Kann mir jemand ein gutes Programm empfehlen, mit welchem ich relativ einfach meine Sammlung (sind insgesamt knapp 1500 CD's) umwandeln kann? Empehlt ihr mir die Umwandlung in DSD-Files oder eher in FLAC-Files?

Danke schonmal im voraus.
KarstenL
Inventar
#2 erstellt: 15. Okt 2016, 17:05
Moin!
Windows?
Dann wäre meine Empfehlung EAC und FLAC.
BlackVoodoo
Stammgast
#3 erstellt: 15. Okt 2016, 19:33

KarstenL (Beitrag #2) schrieb:
Moin!
Windows?
Dann wäre meine Empfehlung EAC und FLAC.


Ja, Win10. Danke dir für die Empfehlung. Sonst noch Tipps?
Hörbert
Moderator
#4 erstellt: 15. Okt 2016, 19:55
Hallo!

Zu EAC gibt es eigentlich keine wirkliche Alternative, aber zumindesten einen guten Sound-Editor wie das kostenlose Audacity zur Reparatur kleiner Fehler sollte zusätzlich noch vorhanden sein.

Ach ja, es ist recht nützlich eine penible Ordnung zu halten und einen Verzeichnissbaum mit entsprechend aussagekräftigen Unterordnern anzulegen.

Ob man die Files nun als FLAC oder gleich einfach als Waves ablegt ist zum einen Geschmackssache und zum anderen eine Frage ob man zusätzliche Informationen (Cover, Text) gleich mit ablegen will. Ansonsten ist das bei den heutigen Festplattengrößen ziemlich egal.

MFG Günther
audiophilanthrop
Inventar
#5 erstellt: 16. Okt 2016, 01:43
CDs braucht man nicht digitalisieren, die sind schon digital. Rippen reicht da vollkommen...
(DSD ist auch keine Option, das ist das komische Bitstream-Format von SACD. Auf CDs findet sich schnödes LPCM, 44,1 kHz 16 Bit stereo.)
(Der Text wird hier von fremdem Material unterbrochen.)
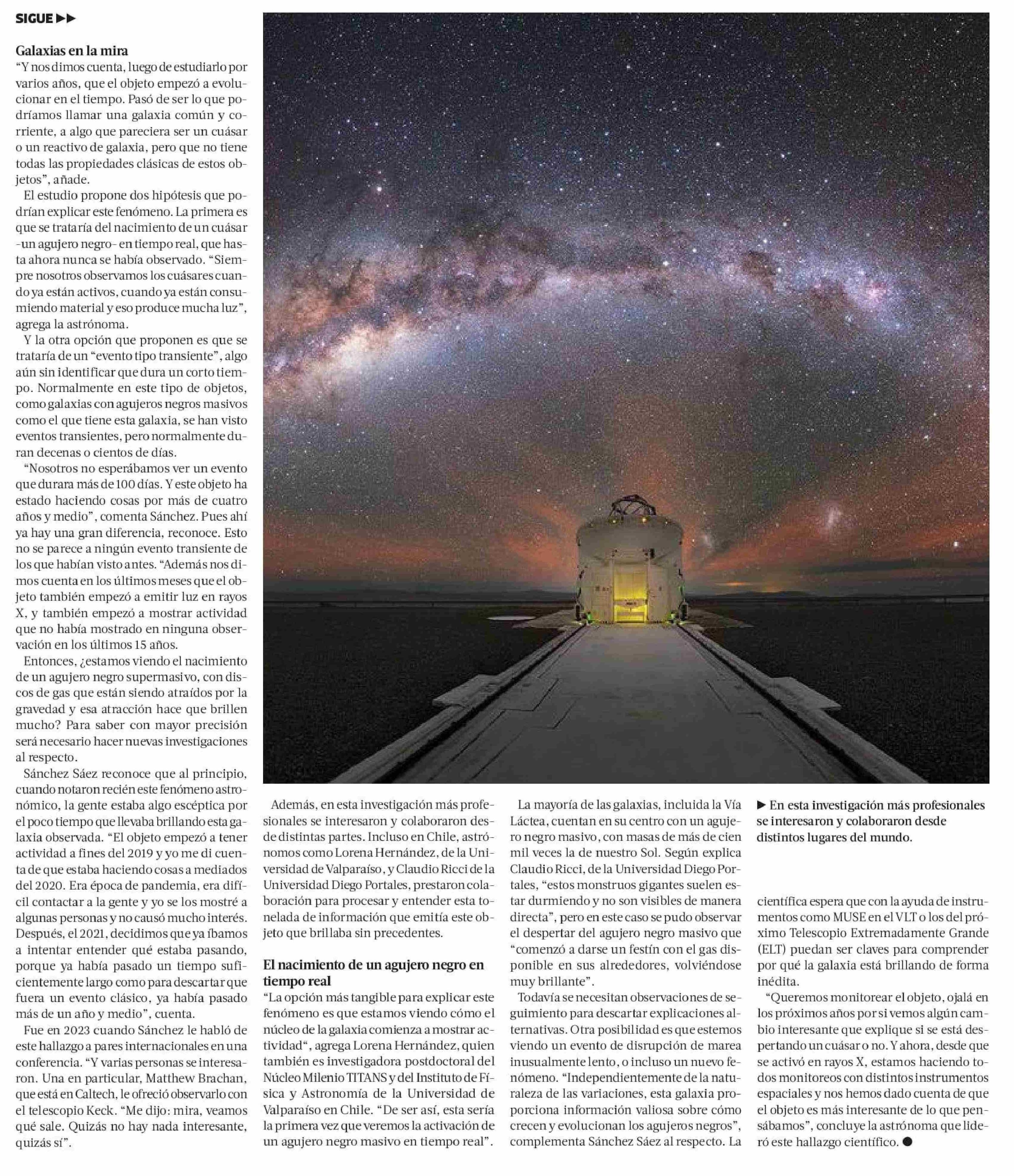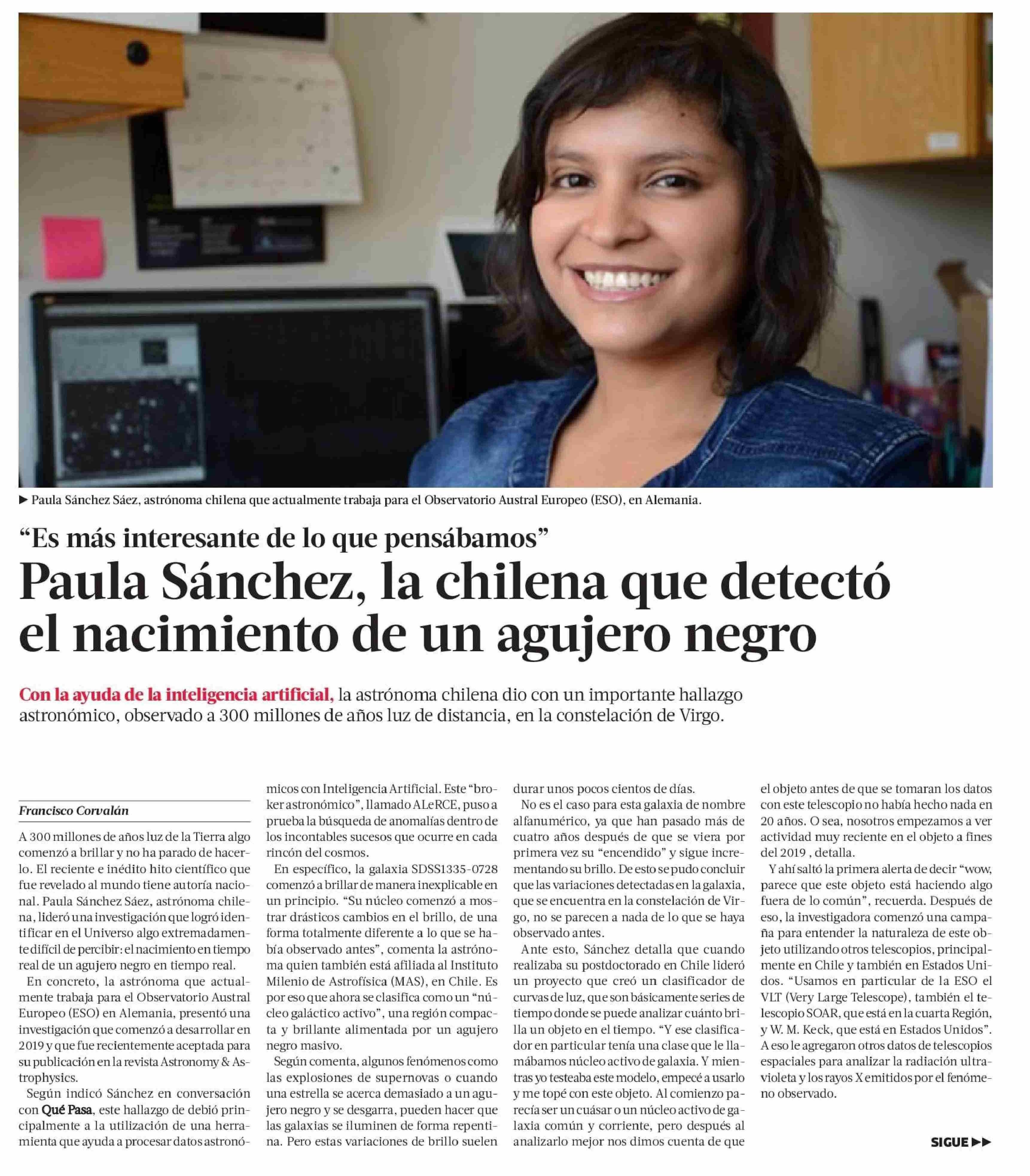 Paula Sánchez, la chilena que detectó el nacimiento de un agujero negro 19-06-2024 La Tercera |

Ist ein brauchbares Leselaufwerk vorhanden?

EAC hat seine Stärken beim peniblen Auslesen von CDs, Laufwerksoptionen und Multithreaded-Encoding. Die Integration in Onlinedatenbanken ist recht ordentlich (ARv2, wahlweise auch CTDB), CUETools/CUERipper ist hier aber leistungsfähiger. Achtung, das Programm ist nicht wirklich Unicode-fähig, bei Japan-CDs habe ich schon mal erst hinterher richtig getaggt.

CUETools kann man auf jeden Fall da haben, die Möglichkeit zur Reparatur beschädigter Rips auf Basis von CTDB-Daten ist zuweilen Gold wert. (Nur bei nicht in der Datenbank vertretenen Exoten heißt es dann immer noch das bestmögliche Leselaufwerk und den sicheren Modus von EAC zücken.) CUERipper gehört auch zu den wenigen Programmen, die im Cuesheet das Emphasis-Flag richtig setzen. EAC zeigt es zwar an (ganz hinten in der letzten Spalte), so denn das Emphasis-Flag in der TOC gesetzt ist, tut aber nichts groß weiter damit, bzw. sind die Cuesheets von EAC eh notorisch kaputt. Bei CDs aus der Anfangszeit sollte man da aufpassen, bei Japan-Scheiben teils noch bis 1985, v.a. (aber nicht nur) im Klassikbereich.

Für Vielripper ist dBPoweramp interessant. Kostet zwar, aber die Qualität der Metadaten ist besser. Wer da zu Fuß nachbessern muß, ist damit schnell mal länger beschäftigt als das Rippen selbst dauert. (Ganz gemein sind Fipptehler oder ´ statt '.)

Ein leistungsfähiger Tagger ist anzuraten, z.B. MP3Tag. Damit kann man auch seine Ordnerstruktur verwalten, auch wenn ich dafür eher Foobar2000 vorziehe. Foobar ist auf jeden Fall sehr nützlich - Dateien nach Tags einsortieren ist gar kein Thema, der Converter ist Gold wert, ReplayGain-Scanner ab Werk, es gibt ein Deemphasis-Plugin (auch als DSP zum Einsatz beim Umkonvertieren) und allerlei anderen Klimbim (HDCD- und DSD-Input, UPnP-Browser/Controller/Server...). Nur der integrierte EQ taugt nichts, aber auch da gibt es Ersatz.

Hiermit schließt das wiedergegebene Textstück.